> **What you should do**
Please retype all of the records below word for word, leaving out any pictures.

* * * * *

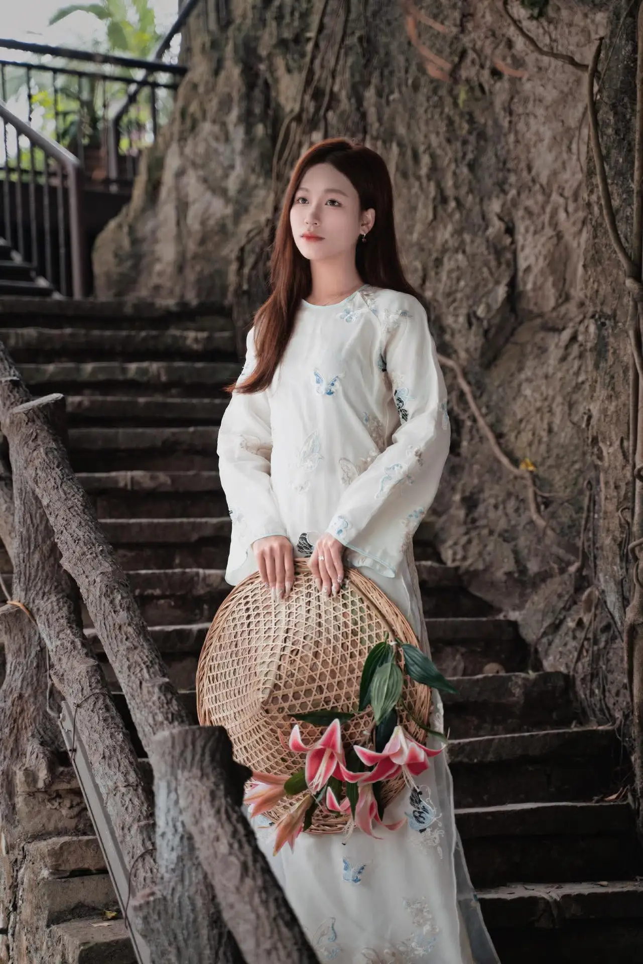 This captivating image portrays the gentle and elegant beauty of a Vietnamese girl adorned in a pristine white Ao Dai The traditional dress is subtly embellished with delicate blue floral patterns enhancing her graceful charm She sits gracefully on ancient stone steps her long hair flowing softly and her clear eyes gazing directly at the viewer Beside her rests a woven basket brimming with fresh pink lilies creating a harmonious and poetic scene This portrait not only showcases the timeless elegance of Vietnamese women but also evokes the enduring beauty of traditional Asian culture It is a perfect blend of human grace and a tranquil natural setting
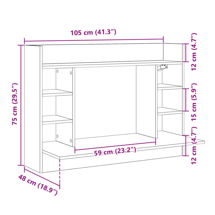 - Dimensões: 105 x 48 x 75 cm (L x P x A)
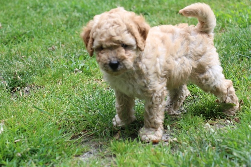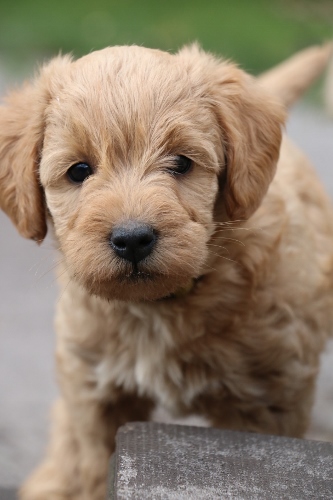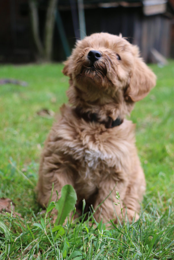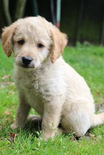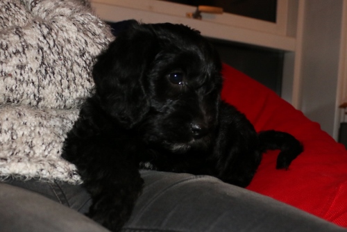 Her er far Cardiff, han ligner en Goldendoodle i pelsen. Her er han ca 7 mdr og i sin hvalpe/unghunde pels. Jeg forventer han får ca 30 cm lang pels som fuldvoksen, men den skal løbende redes fri for død hår og bliver nok klippet noget kortere indimellem.
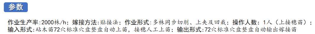茄果类半自动嫁接机以番茄、茄子及辣椒种苗为作业对象,自动整盘上砧木苗,人工上接穗苗,可实现接穗苗与砧木苗的多株同步切削、对位、上夹、穴盘回栽及穴盘嫁接苗输出高效自动作业。与人工移植作业相比,穴盘苗移植作业效率可提高倍5以上。
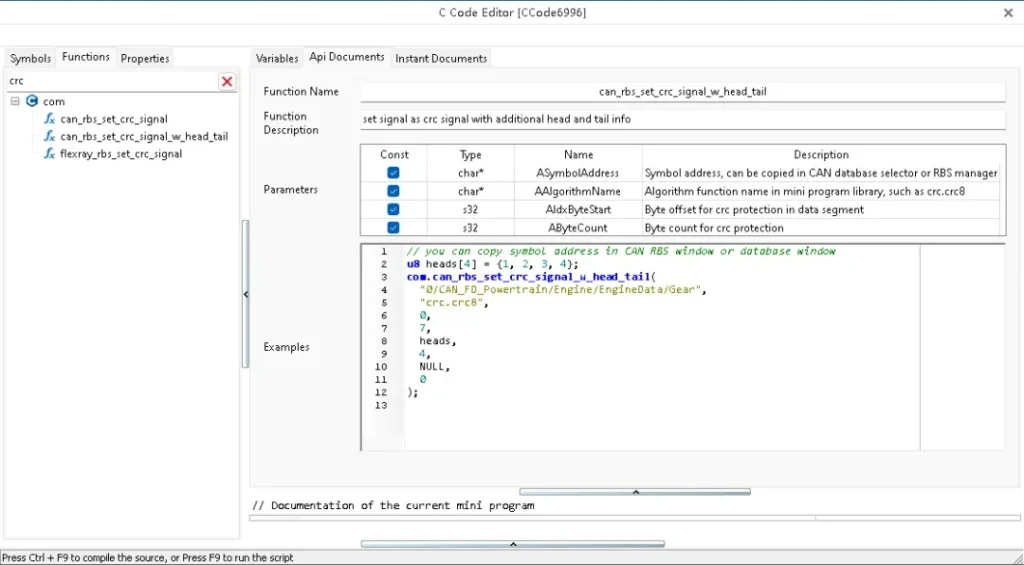 com.can_rbs_set_crc_signal_w_head_tail API interface (set the signal to CRC type and set the corresponding algorithm before performing RBS simulation)

* * * * *

> **Exercise answer**
 This captivating image portrays the gentle and elegant beauty of a Vietnamese girl adorned in a pristine white Ao Dai The traditional dress is subtly embellished with delicate blue floral patterns enhancing her graceful charm She sits gracefully on ancient stone steps her long hair flowing softly and her clear eyes gazing directly at the viewer Beside her rests a woven basket brimming with fresh pink lilies creating a harmonious and poetic scene This portrait not only showcases the timeless elegance of Vietnamese women but also evokes the enduring beauty of traditional Asian culture It is a perfect blend of human grace and a tranquil natural setting
 - Dimensões: 105 x 48 x 75 cm (L x P x A)
 Her er far Cardiff, han ligner en Goldendoodle i pelsen. Her er han ca 7 mdr og i sin hvalpe/unghunde pels. Jeg forventer han får ca 30 cm lang pels som fuldvoksen, men den skal løbende redes fri for død hår og bliver nok klippet noget kortere indimellem.
茄果类半自动嫁接机以番茄、茄子及辣椒种苗为作业对象,自动整盘上砧木苗,人工上接穗苗,可实现接穗苗与砧木苗的多株同步切削、对位、上夹、穴盘回栽及穴盘嫁接苗输出高效自动作业。与人工移植作业相比,穴盘苗移植作业效率可提高倍5以上。
 com.can_rbs_set_crc_signal_w_head_tail API interface (set the signal to CRC type and set the corresponding algorithm before performing RBS simulation)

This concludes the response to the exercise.